• What the task requires
Only the lines from the first line of the data through the line containing "Bicicleta aro 29" belong in the answer, transcribed exactly; pictures do not.

• Data section
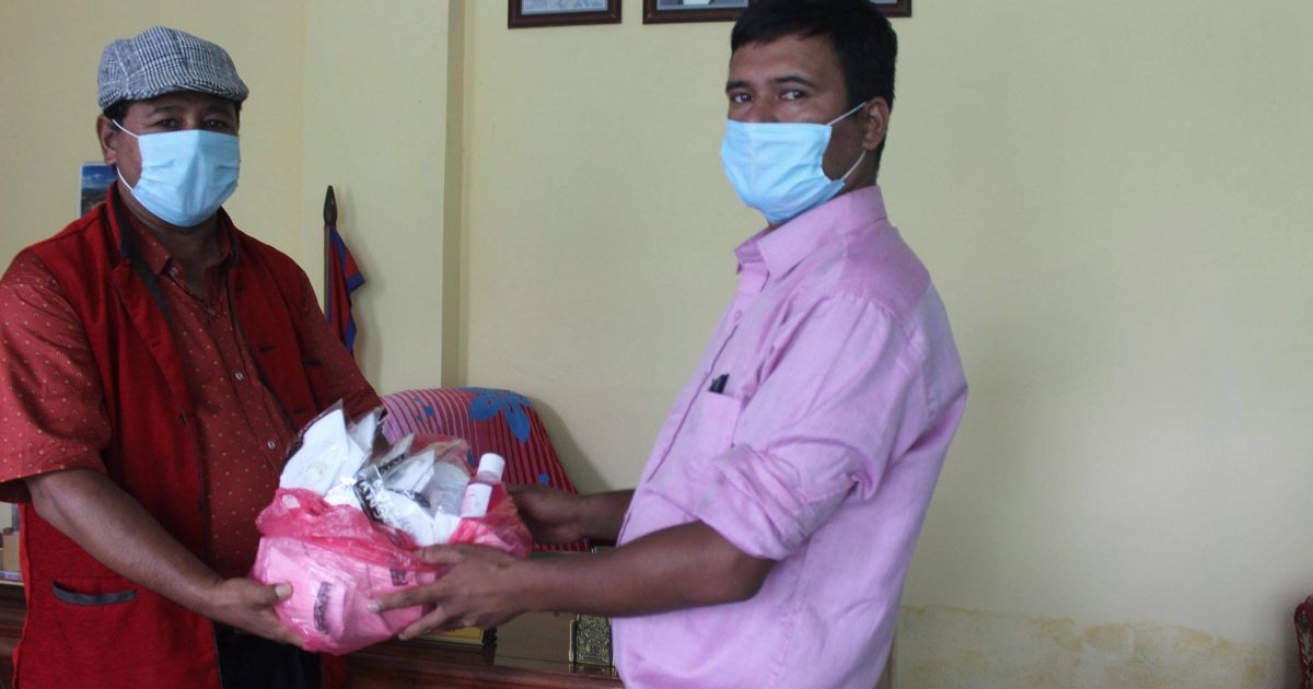 पत्रकार महासंघलाइ ४० मास्क र २० पिस सेनिटाइजर
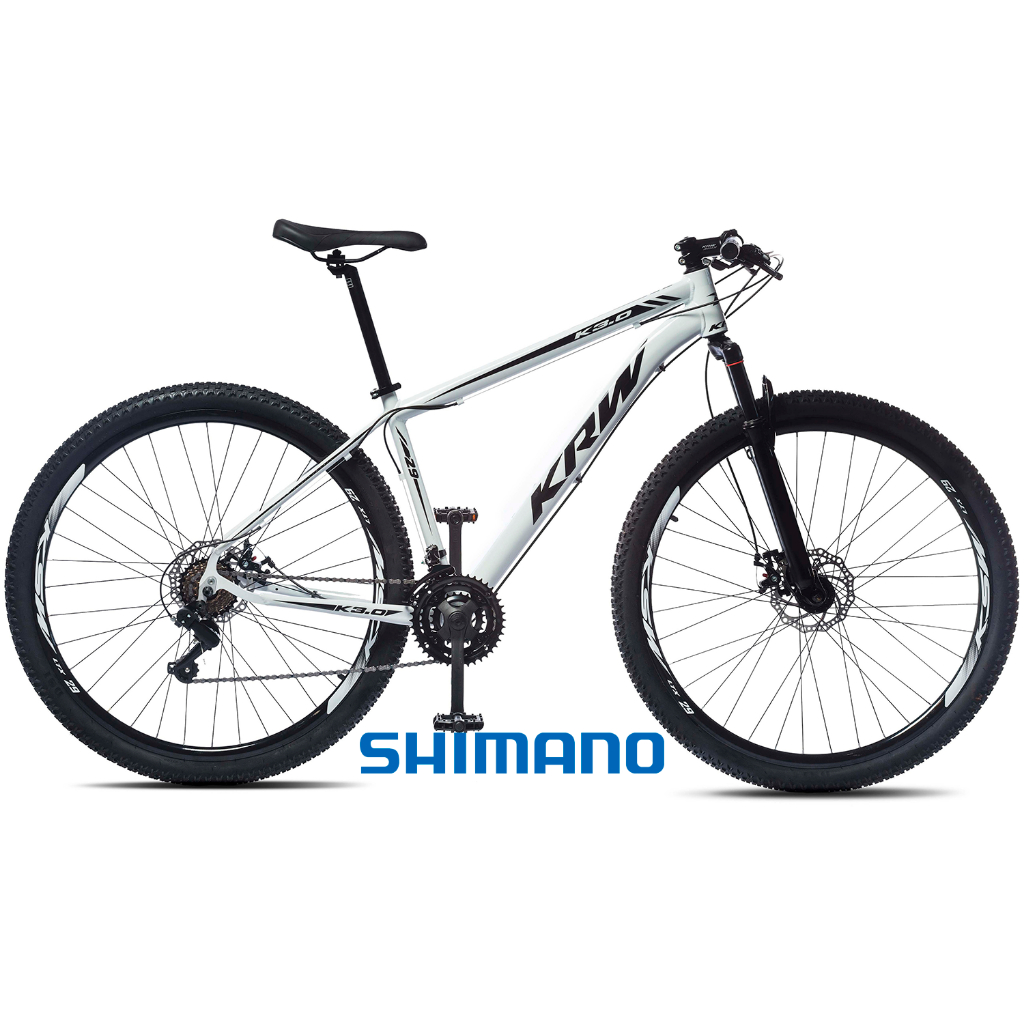 Bicicleta aro 29 Alumínio KRW Shimano 24 Velocidades, Freio Disco Hidráulico, Suspensão dianteira S41
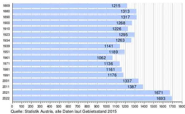 Die Einwohnerzahl im Gebiet der (heutigen) Gemeinde liegt seit dem 19. Jahrhundert bei ungefähr 1300 Personen und nahm nur in der Zeit des Zweiten Weltkrieges und danach etwas ab. Die Zunahme seit 1991 basiert auf einer positiven Wanderungsbilanz.[12]

• Reply
 पत्रकार महासंघलाइ ४० मास्क र २० पिस सेनिटाइजर
 Bicicleta aro 29 Alumínio KRW Shimano 24 Velocidades, Freio Disco Hidráulico, Suspensão dianteira S41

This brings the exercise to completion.